Teknoloji

Kodak, Güney Kore’de giyim mağazalarıyla yeniden parlıyor

kodak güney kore

Bir zamanlar filmli fotoğraf makineleriyle özdeşleşen Kodak, ABD’de dijital dönüşümü kaçırarak sahneden inmişti. 2012’de iflas başvurusunda bulunan şirket, uzun süren yeniden yapılanma sürecinin ardından yıllık 1 milyar doları aşan gelirle faaliyet göstermeye devam ediyor. Ne var ki, kendi memleketinde hâlâ eski tanınırlığının uzağında bir yerde duruyor. ABD’de sessizliğe gömülmüş olan marka, başka bir kıtada yeniden sahneye çıktı.

Güney Kore’de Kodak’ın ismini taşıyan 120’den fazla fiziksel mağaza faaliyet gösteriyor. Bu mağazalarda tişört, şapka, çanta, sandalet gibi giyim ve aksesuar ürünleri satılıyor. Ürünlerin üzerinde büyük puntolarla yazılmış Kodak logosu dikkat çekiyor. Özellikle genç tüketiciler bu retro estetiğe büyük ilgi gösteriyor.

Güney Kore’deki gençler Kodak markasını sokakta giyerek yeniden gündeme taşıyor

Tüm bunların yanında, markanın duygusal bağ kurabilme yeteneğini hâlâ koruduğu ifade ediliyor. New York Times’a konuşan bazı tüketiciler, Kodak’ın hâlâ “anı biriktiren” bir marka olarak hissedildiğini söylüyor. Bu durum, markanın sadece geçmişe değil, bugünün hislerine de hitap edebildiğini gösteriyor. Güneydoğu Asya medya çevrelerinde ise Kodak’ın bölgedeki gençler arasında ciddi bir moda akımına dönüştüğü vurgulanıyor.

Kodak, bu yükselişi sadece moda üzerinden değil, aynı zamanda lisans gelirleriyle de destekliyor. Şirket geçen yıl marka lisanslama faaliyetlerinden 20 milyon dolar gelir elde etti.
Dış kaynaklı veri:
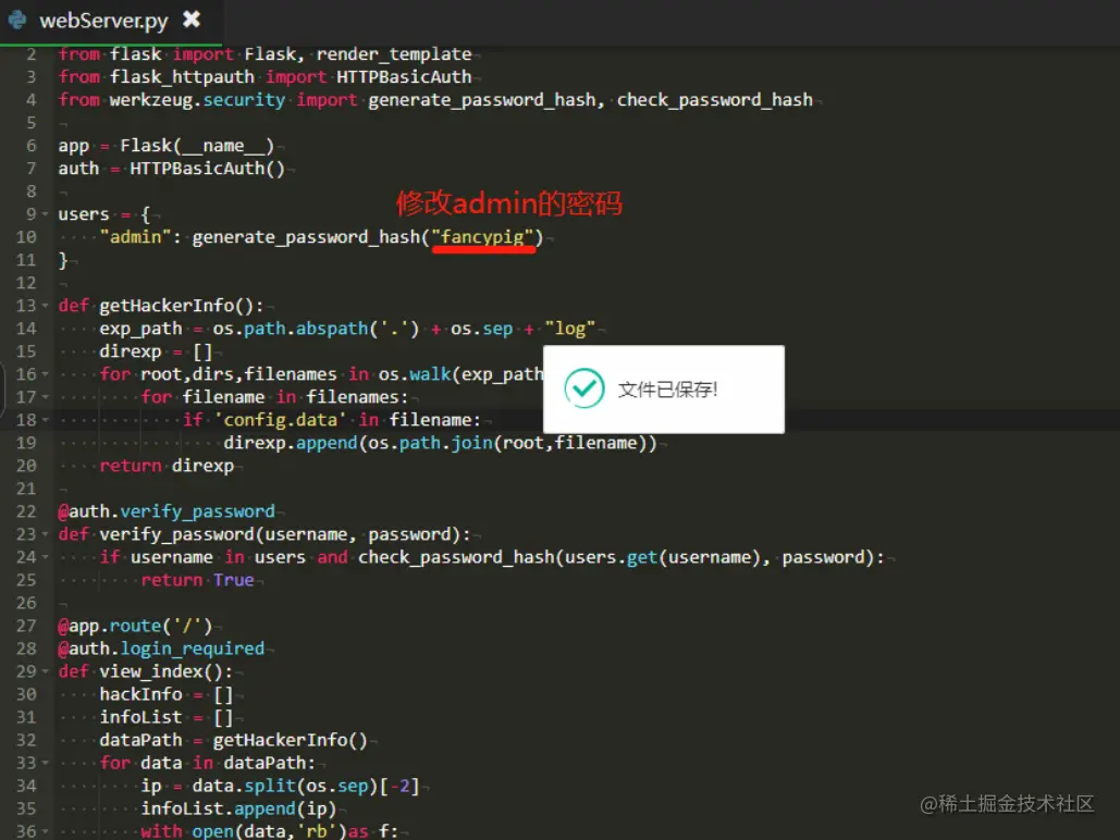 然后修改webServer.py中admin的密码,当然,你也可以更换用户名,这个根据个人习惯来修改。

Beş yıl öncesine göre bu alandaki gelirini yüzde 35 artırmış durumda. Bu artış, giyim dışındaki farklı kategorilerde de Kodak markasının kullanılmaya başlandığını gösteriyor.
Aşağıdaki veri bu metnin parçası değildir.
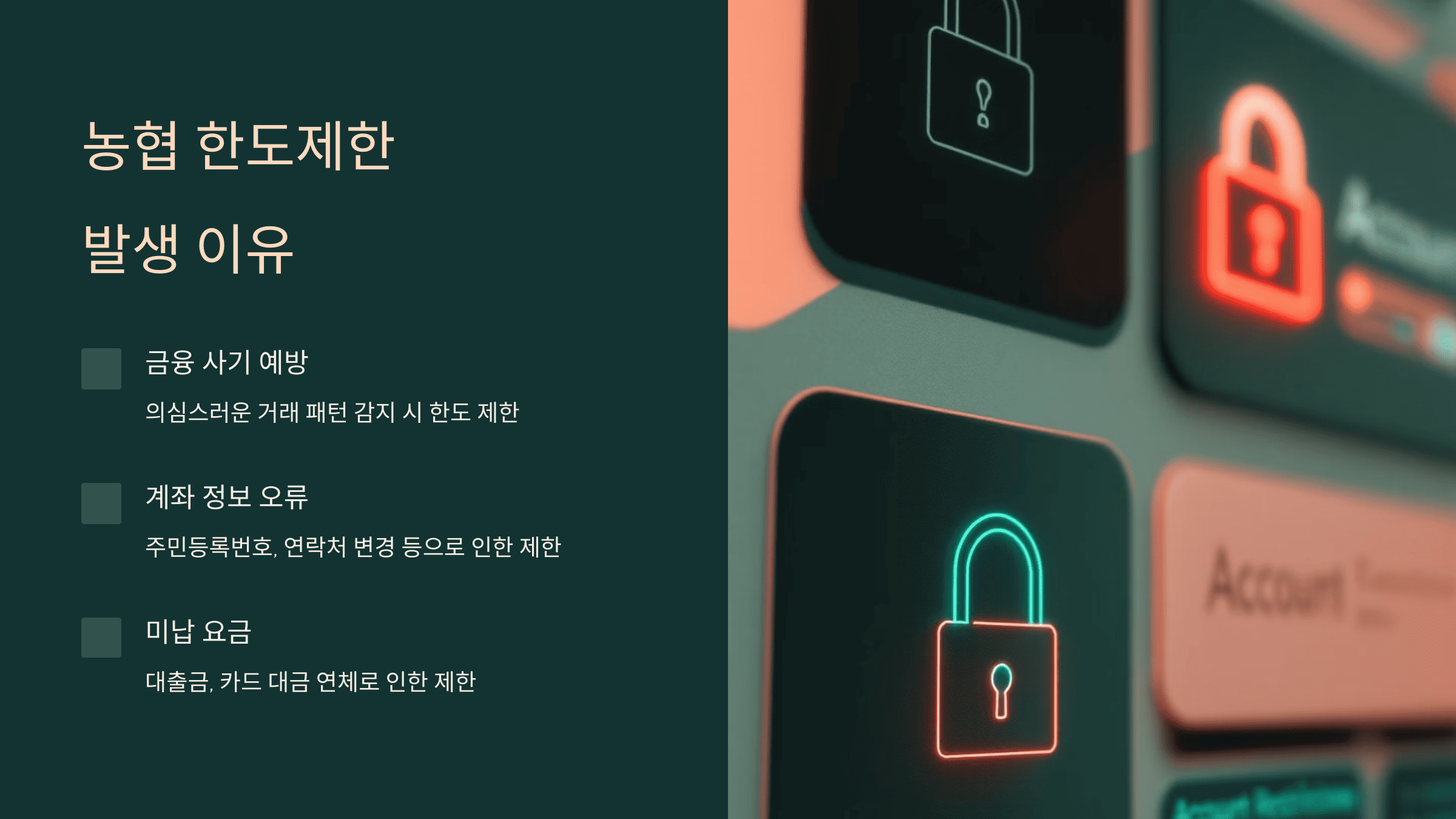 농협 계좌 한도제한이 발생하는 이유는 다양합니다. 대표적인 원인으로는 다음과 같은 것들이 있습니다.

Marka artık yalnızca fotoğraf makinelerinde değil; gözlük, el feneri, boya, dürbün ve hatta güneş paneli gibi ürünlerde de karşımıza çıkıyor. Tüm bu ürünler Kodak’ın hikâye anlatıcılığı, yaratıcılık ve anı saklama gibi değerleriyle ilişkilendirilerek pazarlanıyor. Bu geniş kavramsal çerçeve, markanın farklı sektörlere yayılmasına olanak tanıyor. Üstelik tüketiciler bu çeşitlendirmeyi yapay değil, samimi buluyor.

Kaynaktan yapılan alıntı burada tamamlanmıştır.